_WORK ORDER_: Give exactly the lines from the one with "Man holding camera and woman playing violin" through the final line of the listing below, both included, leaving out any pictures.

_INFORMATION SUPPLIED_:
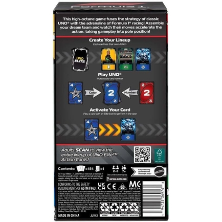 Race into game night with the UNO Elite Formula 1 2025 Core Edition card game where Elite Action Cards add extra thrills to classic UNO game play!
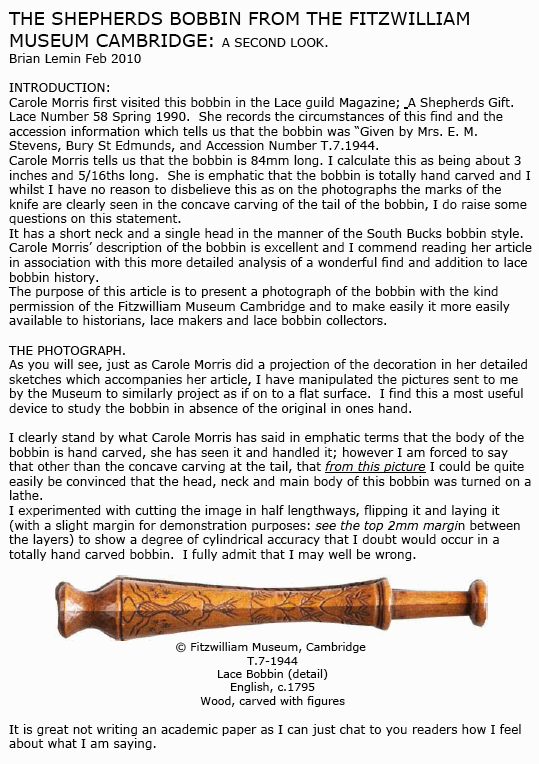 Lemin, Brian. The Shepherd's Bobbin from the Fitzwilliam Museum Cambridge - a second look, 8 pages. Posted February 8, 2011. FIRST PAGE. File size 256KB PDF
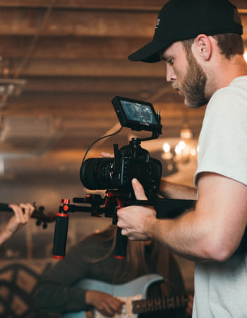 Man holding camera and woman playing violin
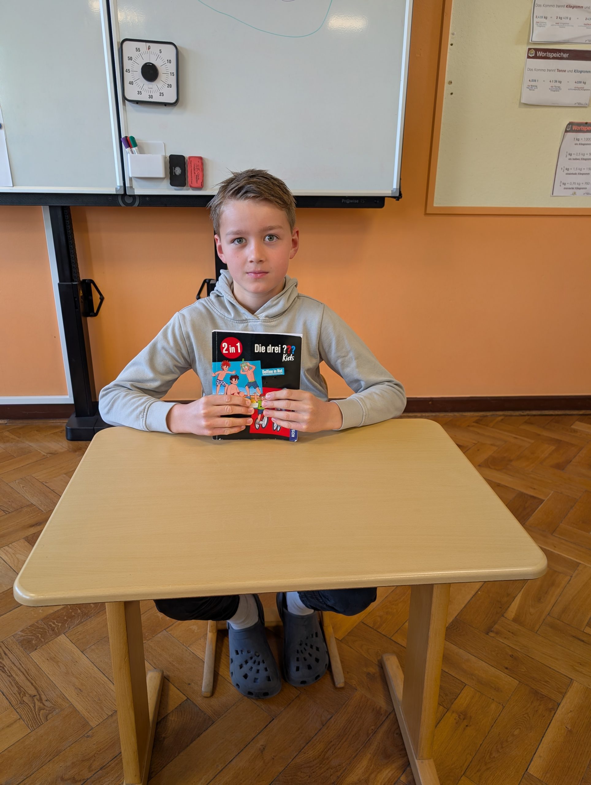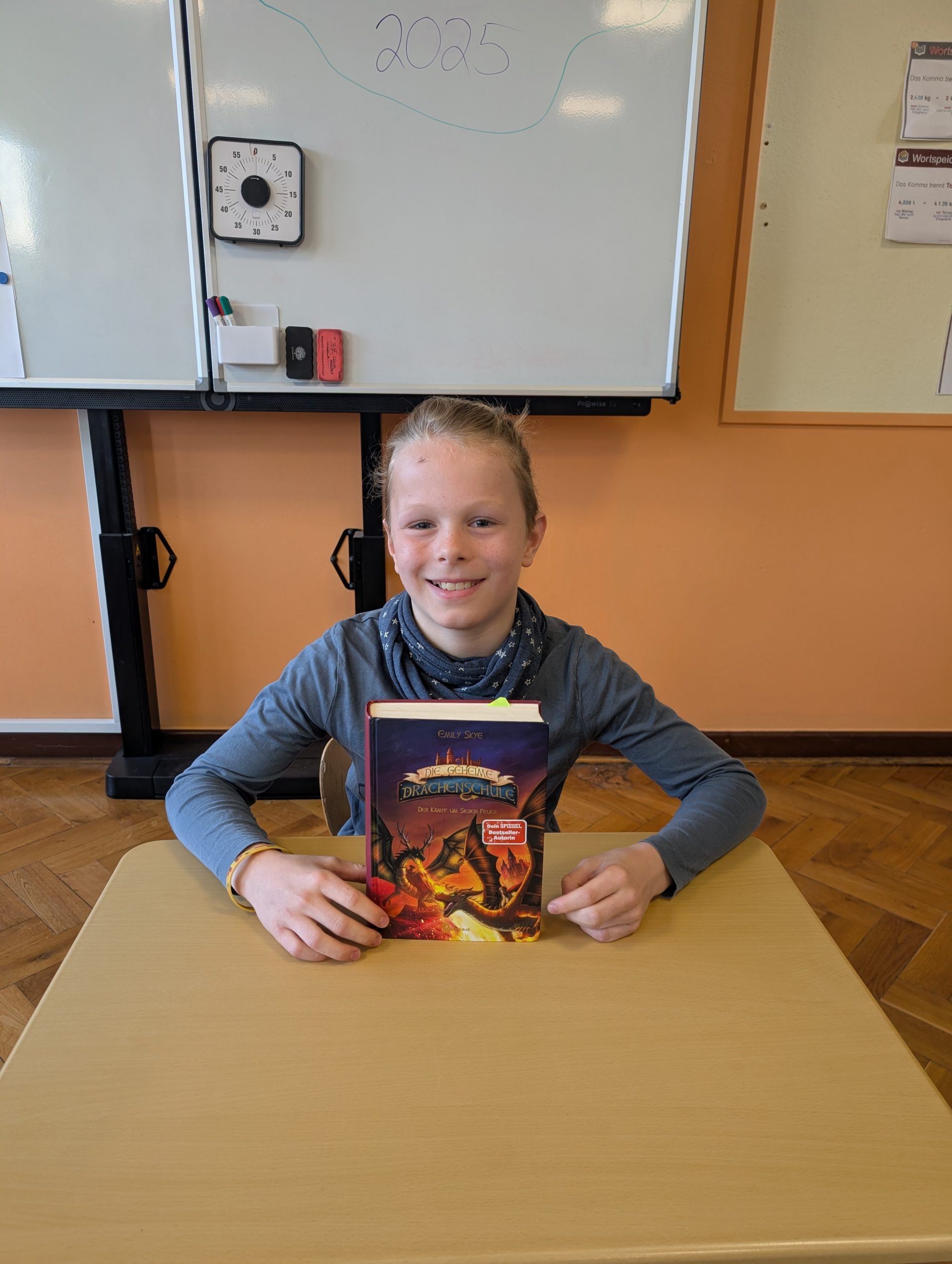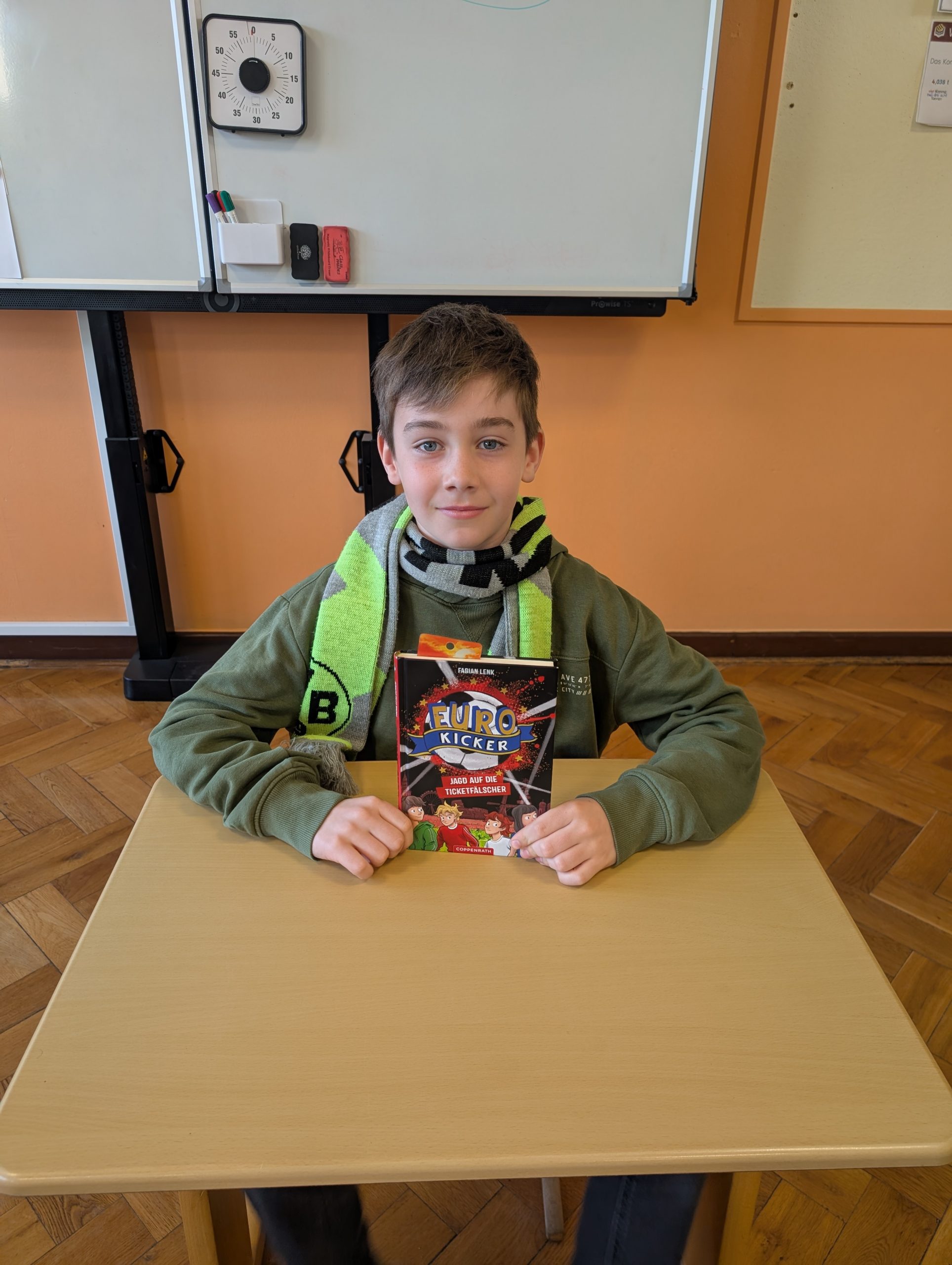 Anschließend wurde es wieder spannend. Aus der Parallelklasse 4b las Gustav Ostmann aus dem Buch „Die Eurokicker- Jagd auf die Ticketfälscher“ vor und konnte damit sofort alle fußballbegeisterten Jungen erfreuen. Als letztes Kind las Luis Netz, der Sieger des letztjährigen Bad Essener Gemeindeentscheides sehr souverän aus dem anspruchsvollen Werk „Die geheime Drachenschule“ vor, das auffällig viele Fremdwörter beinhaltete.

_EXERCISE RESULT_:
 Man holding camera and woman playing violin
 Anschließend wurde es wieder spannend. Aus der Parallelklasse 4b las Gustav Ostmann aus dem Buch „Die Eurokicker- Jagd auf die Ticketfälscher“ vor und konnte damit sofort alle fußballbegeisterten Jungen erfreuen. Als letztes Kind las Luis Netz, der Sieger des letztjährigen Bad Essener Gemeindeentscheides sehr souverän aus dem anspruchsvollen Werk „Die geheime Drachenschule“ vor, das auffällig viele Fremdwörter beinhaltete.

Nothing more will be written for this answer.